Well, my addition operation now yields the rational in simplified form and that's
what we wanted. So, note that, gcd and g are private
members of class rational. We can only access them from inside the
rational class. In this example, we've calculated the gcd
immediately here on initialization of the class, so that its value can be reused in
the calculations of numer and denom here so we don't have to recalculate gcd every
time someone calls numer and denom. We could also change that, of course.
We could call GCD in the code of numer and denom like that.
So that way we avoid the additional seal G, and it could be advantages if the
functions numer and denom are not called very often.
Then we could amortize the additional cost of the GCD operations here.
What we could equally well do is turn numer and denom into vowels, so that they
are computed only once. So now that would be advantageous if the
functions numer and denom are called very often.

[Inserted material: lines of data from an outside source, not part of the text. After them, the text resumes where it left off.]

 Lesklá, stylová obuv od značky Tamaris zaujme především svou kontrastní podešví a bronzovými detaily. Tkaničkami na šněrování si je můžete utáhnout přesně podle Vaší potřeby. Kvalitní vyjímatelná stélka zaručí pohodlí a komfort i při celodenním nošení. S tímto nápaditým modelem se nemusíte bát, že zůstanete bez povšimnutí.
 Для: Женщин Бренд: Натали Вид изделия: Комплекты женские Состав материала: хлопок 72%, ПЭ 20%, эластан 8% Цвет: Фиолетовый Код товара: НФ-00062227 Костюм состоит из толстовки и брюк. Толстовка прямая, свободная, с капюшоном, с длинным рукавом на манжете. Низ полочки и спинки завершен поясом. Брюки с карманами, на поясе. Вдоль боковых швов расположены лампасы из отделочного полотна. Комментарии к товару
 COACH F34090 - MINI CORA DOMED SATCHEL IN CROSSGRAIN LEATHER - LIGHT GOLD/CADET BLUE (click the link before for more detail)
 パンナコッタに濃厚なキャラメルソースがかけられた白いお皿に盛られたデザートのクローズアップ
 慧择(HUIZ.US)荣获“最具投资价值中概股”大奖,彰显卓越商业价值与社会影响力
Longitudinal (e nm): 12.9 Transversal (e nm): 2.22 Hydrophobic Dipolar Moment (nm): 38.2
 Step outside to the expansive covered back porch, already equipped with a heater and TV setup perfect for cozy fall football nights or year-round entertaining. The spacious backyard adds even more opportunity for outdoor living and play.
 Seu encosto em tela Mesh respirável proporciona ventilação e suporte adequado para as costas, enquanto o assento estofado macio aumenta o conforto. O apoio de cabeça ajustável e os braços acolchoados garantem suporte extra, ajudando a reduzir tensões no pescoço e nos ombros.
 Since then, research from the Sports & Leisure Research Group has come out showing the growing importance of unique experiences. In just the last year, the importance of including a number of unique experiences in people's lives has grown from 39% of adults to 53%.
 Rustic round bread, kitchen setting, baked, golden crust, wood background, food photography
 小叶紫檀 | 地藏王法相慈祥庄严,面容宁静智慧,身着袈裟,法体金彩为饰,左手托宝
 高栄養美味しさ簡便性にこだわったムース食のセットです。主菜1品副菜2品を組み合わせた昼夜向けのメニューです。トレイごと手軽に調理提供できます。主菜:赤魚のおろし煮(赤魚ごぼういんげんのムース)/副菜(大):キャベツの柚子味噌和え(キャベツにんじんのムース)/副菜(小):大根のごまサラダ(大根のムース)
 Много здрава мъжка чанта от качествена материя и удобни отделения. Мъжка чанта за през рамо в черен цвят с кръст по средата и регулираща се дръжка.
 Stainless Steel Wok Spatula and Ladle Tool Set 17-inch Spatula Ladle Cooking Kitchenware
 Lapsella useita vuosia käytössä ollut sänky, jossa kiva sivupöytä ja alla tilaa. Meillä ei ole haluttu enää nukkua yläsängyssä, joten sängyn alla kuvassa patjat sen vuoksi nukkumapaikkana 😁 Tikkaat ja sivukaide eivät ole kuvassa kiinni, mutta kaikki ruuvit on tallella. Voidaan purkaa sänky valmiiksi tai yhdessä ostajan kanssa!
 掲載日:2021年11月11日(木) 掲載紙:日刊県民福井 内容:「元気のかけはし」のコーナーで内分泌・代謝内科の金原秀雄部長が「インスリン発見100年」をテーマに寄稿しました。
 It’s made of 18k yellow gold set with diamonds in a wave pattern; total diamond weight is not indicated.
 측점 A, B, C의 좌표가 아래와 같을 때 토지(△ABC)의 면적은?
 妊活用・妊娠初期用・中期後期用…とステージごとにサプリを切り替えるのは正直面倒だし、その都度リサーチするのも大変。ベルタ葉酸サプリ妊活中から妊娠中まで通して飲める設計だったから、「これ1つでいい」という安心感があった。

Because, in that case, we've already computed what they are, and we do not
repeat the computations. What's important here is that, no matter
which of the three alternatives we choose clients observe exactly the same behavior
in each case. So, this ability to choose different
implementations of the data without affecting clients is called data
abstraction. And data abstraction is one of the
cornerstones of software engineering. It's a very important principle, in
particular, as systems grow large. In the next step, we want to add two more
methods to our class rational. One method less, which compares two
rational values, and the other, maximum, which takes the maximum of two values.
Let's start with less. So, we would take a rational.
When is this rational that you see here less than the other?
Well, it would be if the numerator times the denominator of the other function is
less than the numerator of the other rational times our own denominator.
We've simply multiplied both sides with the both denominators, and that's what we
arrive at. So, let's test it.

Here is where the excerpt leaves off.